About 6 months ago, I got the crazy idea I wanted to write a novel.  Honestly, I don't think I am that good of a writer, but I just can't shake the obsession. So I've been doing a lot of reading on the subject and writing a little for practice.  I have an idea for a new adult romance and have outlined it to the best of my ability.  I may not have what it takes to finish the book and even if I do, it may not be that great, but I am having loads of fun doing it.  I'm excited to find this site as I think it will really help to read and share with other writers!


----------



## Gumby (May 29, 2014)

Hi TKent, welcome to WF! 



> I may not have what it takes to finish the book and even if I do, it may  not be that great, but I am having loads of fun doing it.
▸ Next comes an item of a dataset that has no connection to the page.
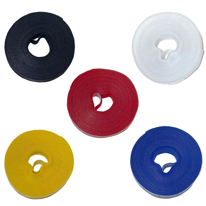 ケーブル類などをまとめる際に便利な商品です。お好みに合わせて黒、白、赤、青、黄の5色からお選びいただけます。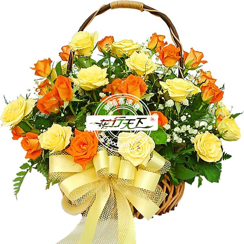 描述: 黄色与橙色玫瑰组成、精美花篮装。

This is a great attitude to start out with.


----------



## Elvenswordsman (May 29, 2014)

Ehhhh, it's not about getting published! It's about the journey. How many plebes can say they have written a book?


----------



## T.S.Bowman (May 29, 2014)

Welcome TKent. Great to have you join us.


----------



## Bishop (May 30, 2014)

No better place to learn the craft, from real people doing things their own way. You'll find that we all have different views to explore and you'll hopefully find your own through your own craft and our discussions!
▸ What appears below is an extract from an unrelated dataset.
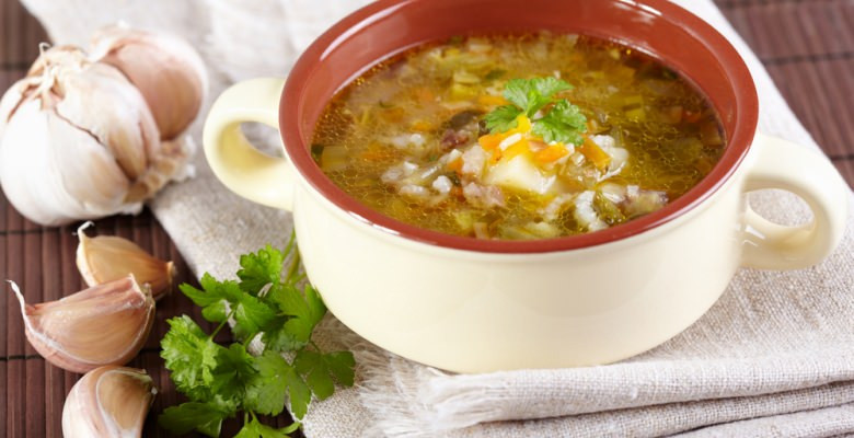 Рассольник — густой суп на мясном бульоне с перловой крупой и солеными огурцами с насыщенным вкусом и хорошо знакомым ароматом. Это блюдо можно готовить с разными мясопродуктами или без них, но обязательно с огуречным рассолом, благодаря которому суп получил свое название. Для рассольника прекрасно подойдут бочковые зеленые помидоры и лесные грибы.

Welcome to the writing forums!
Writing Forums: Novels? Yes. Short Stories? Yes. Non-fiction? I think so. I've not looked.


----------



## aj47 (May 30, 2014)

Writing anything of length is definitely ambitious, but your attitude is good.  And, like they say, it's about the journey, not the destination.
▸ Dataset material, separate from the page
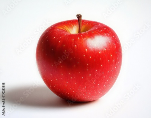 Vivid red apple with small white speckles and a brown stem casting a soft shadow on a white surface, evoking freshness and simplicity

Once you've made ten posts, you can share your work with us.  In the meantime, feel free to read our stuff and comment/critique our words.  Fresh perspectives are always valuable.


----------



## Bard_Daniel (May 30, 2014)

Come on in, come on in!


----------



## TKent (May 30, 2014)

I tried my first critique today.  Since I know very little about the craft at this point, except what I've been reading in books, my critique was limited to grammar and flow type things, but I really felt that it made me think about some things in my own writing that I had not noticed before.  So it is a win win situation


----------



## qwertyportne (May 30, 2014)

TKent said:


> I tried my first critique today.  Since I know very little about the craft at this point, except what I've been reading in books, my critique was limited to grammar and flow type things, but I really felt that it made me think about some things in my own writing that I had not noticed before.  So it is a win win situation



You are right on the mark with this comment! Writing a critique works both ways, especially when you say what you think a writer has done well, not just what you think doesn't work very well. Welcome to the forum.


----------



## J Anfinson (May 30, 2014)

That's the great thing about critiquing. When you study other people's writing it actually ends up helping you spot what does and doesn't work in you own. Mind you nothing happens overnight, but you learn a little each day. Welcome to the forum.


----------



## aj47 (May 30, 2014)

TKent said:


> I tried my first critique today.  Since I know very little about the craft at this point, except what I've been reading in books, my critique was limited to grammar and flow type things, but I really felt that it made me think about some things in my own writing that I had not noticed before.  So it is a win win situation



Exactly.  That's among the reason there are writers' groups and fora like this one.  When we help one another we grow in ways we don't always expect.


----------



## TKent (May 31, 2014)

Hmmm...should I be worried that I joined this site two nights ago and haven't written a word since..LOL.  Too much interesting stuff to read in these forums


----------



## T.S.Bowman (May 31, 2014)

TKent said:


> Hmmm...should I be worried that I joined this site two nights ago and haven't written a word since..LOL.  Too much interesting stuff to read in these forums



Boy, do I know THAT feeling.


----------



## Pandora (Jun 1, 2014)

Hey TKent,  for me having fun is what it is all about. I'm enjoying your brilliant avatar :love_heart: Welcome to WF!


----------



## TKent (Jun 1, 2014)

Thanks for the welcome!  The great thing about my avatar is that it is my dog Lulu.  She is one of two French Bulldogs that curl up on either side of me while I write.


----------



## Pandora (Jun 1, 2014)

Oh! We have Lou's here too, Lucy Lou and Maddie Lou Who! French Bulldogs are awesome, any kind of bulldog is awesome. I will now picture them a part of your creative juices. :smile:


----------